Wiktionary: military justice  - explanations of meanings, word origins, synonyms, translations

Individual evidence

  1. Central office-KDV
  2. Der Spiegel No. 25 of June 21, 2010, pp. 32-35: The great void. - Every year the state forces tens of thousands of young men into military service. The Bundeswehr has no use for them, they lam around in the barracks. While the government argued over the abolition of conscription, the recruits are fighting their main enemy: boredom.
  3. ^ German-Turks in the Bundeswehr. Speech-disabled ( memento from January 22, 2009 in the Internet Archive )
  4. Press release No. 1/2000. Judgment of the Court of Justice in Case C-285/98. European Union , January 11, 2000, accessed September 21, 2017 .
  5. Martin Rank: "The men in the military benefit from the women". In: taz . July 19, 2011, p. 5 , accessed September 21, 2017 .

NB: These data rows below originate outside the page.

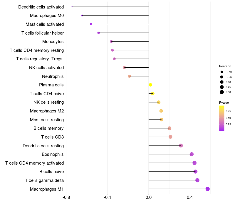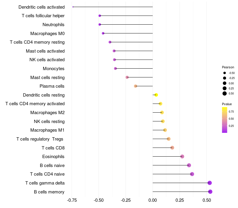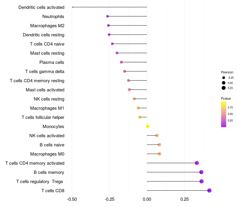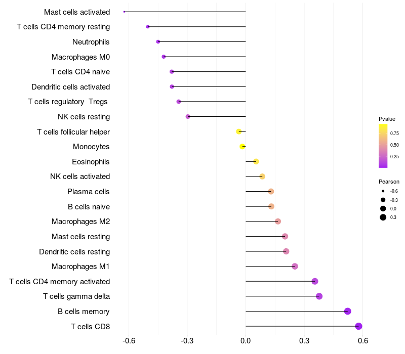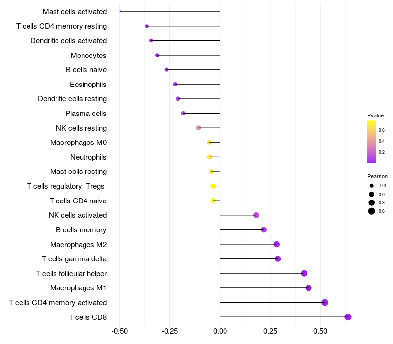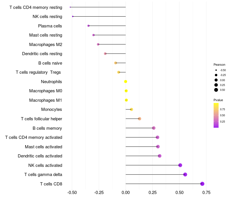 Lollipop of CST7 expression and immune infiltrating cell level correlation result in HPV+ samples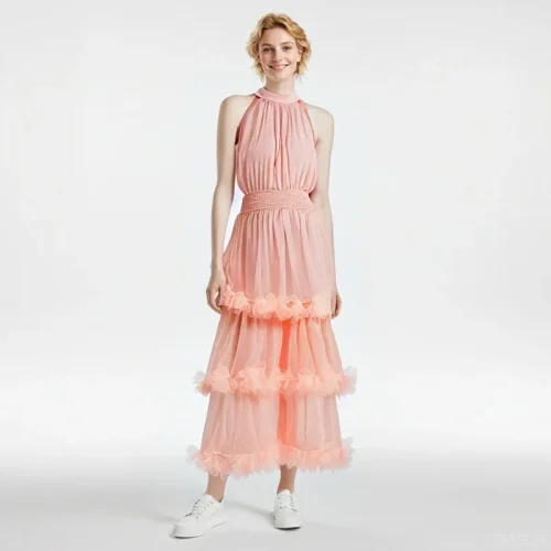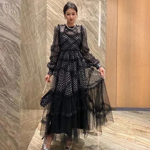 Elegant Ladies Casual Dress Autumn New Sleeveless Waist Tight Cake Design Multi-Level Pleated Mesh Solid Pattern Sexy Ear-rimmed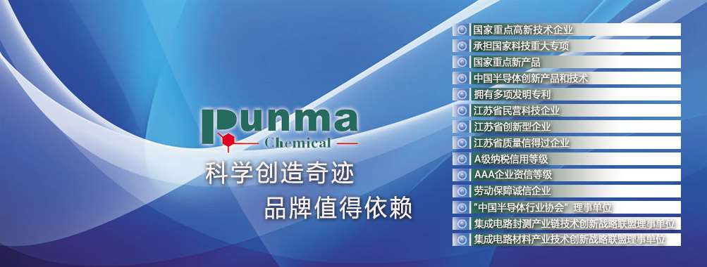 • 2009年江陰潤瑪公司承擔了“十一五”國家02重大科技專項“極大規模集成電路制造裝備及成套工藝”——“超凈高純電子化學品品質提升和產業化及高純包材的產業化技術研究”;2013年承擔了“十二五”國家02重大科技專項“通訊與多媒體芯片封裝測試設備與材料應用工程”——“WLP 等高端先進封裝用蝕刻液”。公司作為負責單位或重要參與單位,陸續起草了多項超凈高純電子化學品領域國家標準和行業標準!驹敿殹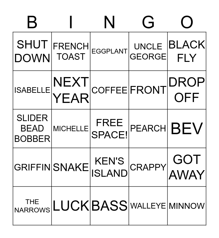 This bingo card has a free space and 24 words: SNAKE, LUCK, COFFEE, THE NARROWS, BLACK FLY, SHUT DOWN, ISABELLE, FRENCH TOAST, PEARCH, KEN'S ISLAND, FRONT, SLIDER BEAD BOBBER, CRAPPY, GOT AWAY, NEXT YEAR, WALLEYE, BEV, EGGPLANT, DROP OFF, MICHELLE, MINNOW, GRIFFIN, UNCLE GEORGE and BASS.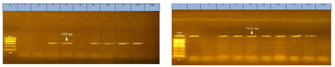 Figure 4Agarose gel electrophoresis of PCR for Mec A gene at 310bp and icaAgene at 1315bp encoded in MRSA recovered from food and food workers.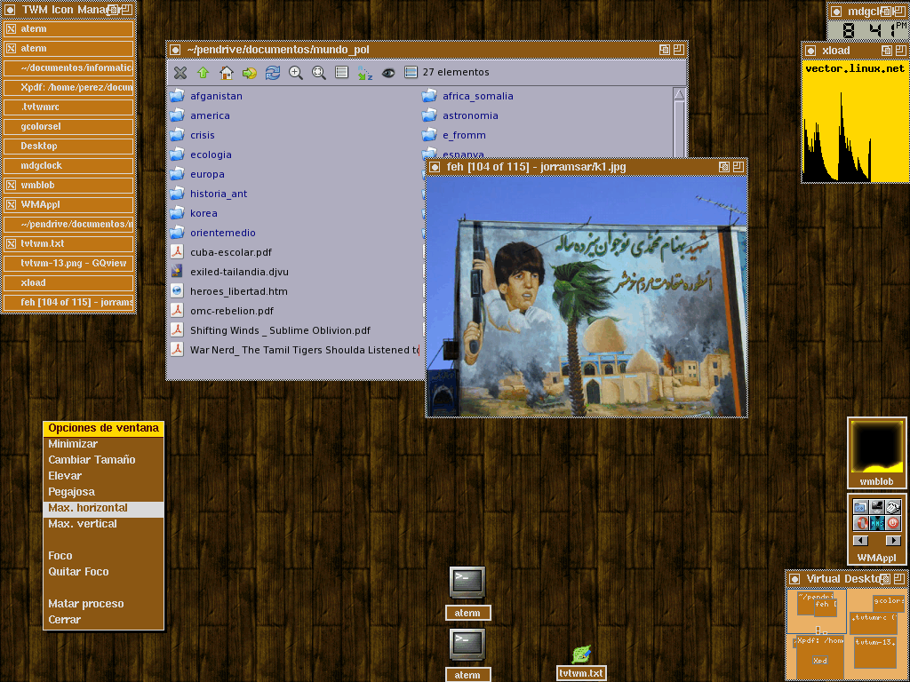 Twm + escritorio virtual + iconos en color = Tvtwm. Podría ser un entorno de trabajo muy recomendable, pero sus fallos —sobre todo su falta de estabilidad— terminan haciéndose enojosos. Si alguien se muere por usar un derivado de Twm en su ordenador, yo seguramente le recomendaría CTWM o Vtwm.
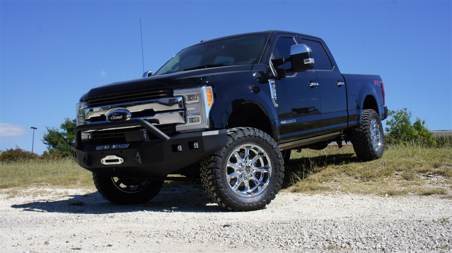 Road Armor is the world's premier bumper manufacturer, dedicated to producing the ultimate in form, fit, and finish. We were the first to create a multifaceted steel bumper design and have led the industry since 2000. There are a lot of other manufacturers on the market these days, and we encourage you to learn the difference — The Road Armor difference — because not all replacement bumpers are created equal. There's no substitute for the Original Road Armor Bumpers, 100% Made in Texas, USA and backed by our Lifetime Guarantee. Road Armor Stealth Full Replacement Winch Bumpers are rugged, and loaded with added utility. The Original Faceted Stealth Series Steel Bumper in our Standard Premium 5-stage Satin Black powder-coat finish was the pioneer of the aftermarket bumper segment. Specifically designed to follow, compliment, and accentuate the body lines of your vehicle, this masterpiece of metal houses a WARN 16.5ti Winch or similar and has recessed light ports for (4x) Rigid Dually/D2 or Quake LED QSE550 and (2x) Light Tabs on Pre-Runner Bar*.

  6. Stephan Maninger in Helena Carreiras, Gerhard Kümmel : Women in the Military and in Armed Conflict (=  series of publications by the Social Science Institute of the Bundeswehr . Volume 6 ). 1st edition. Springer VS , Wiesbaden 2008, ISBN 978-3-531-15834-1 , Women in Combat: Reconsidering the Case Against the Deployment of Women in Combat-Support and Combat Units, p. 9–27 (English, limited preview in Google Book Search).